■ **About this exercise**:
Starting at the line that contains "图:瓷器礼品·庆建国60周年瓷器繁荣昌盛天球瓶", transcribe every remaining line of the data below exactly, and omit all pictures.

■ **Given information**:
BEGIN

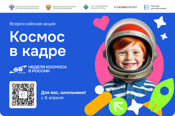 6 апреля 2026 года стартует Всероссийская творческая акция для школьников 1 -11 классов «Космос в кадре». Школьникам со всей России предлагается создать видео- и анимационные работы по следующим тематическим номинациям:
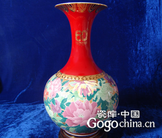 图:瓷器礼品·庆建国60周年瓷器繁荣昌盛天球瓶
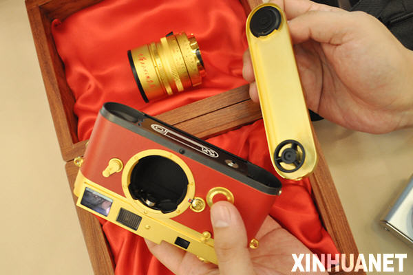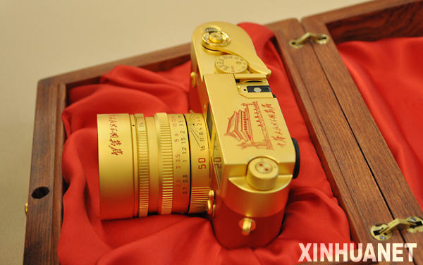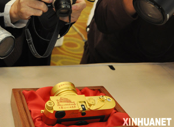 中國(guó)前外交官聯(lián)誼會(huì)和德國(guó)徠卡照相機(jī)公司10日聯(lián)合推出特制的徠卡紀(jì)念版金機(jī)。新華網(wǎng)發(fā)

END

■ **Result of this exercise**:
 图:瓷器礼品·庆建国60周年瓷器繁荣昌盛天球瓶
 中國(guó)前外交官聯(lián)誼會(huì)和德國(guó)徠卡照相機(jī)公司10日聯(lián)合推出特制的徠卡紀(jì)念版金機(jī)。新華網(wǎng)發(fā)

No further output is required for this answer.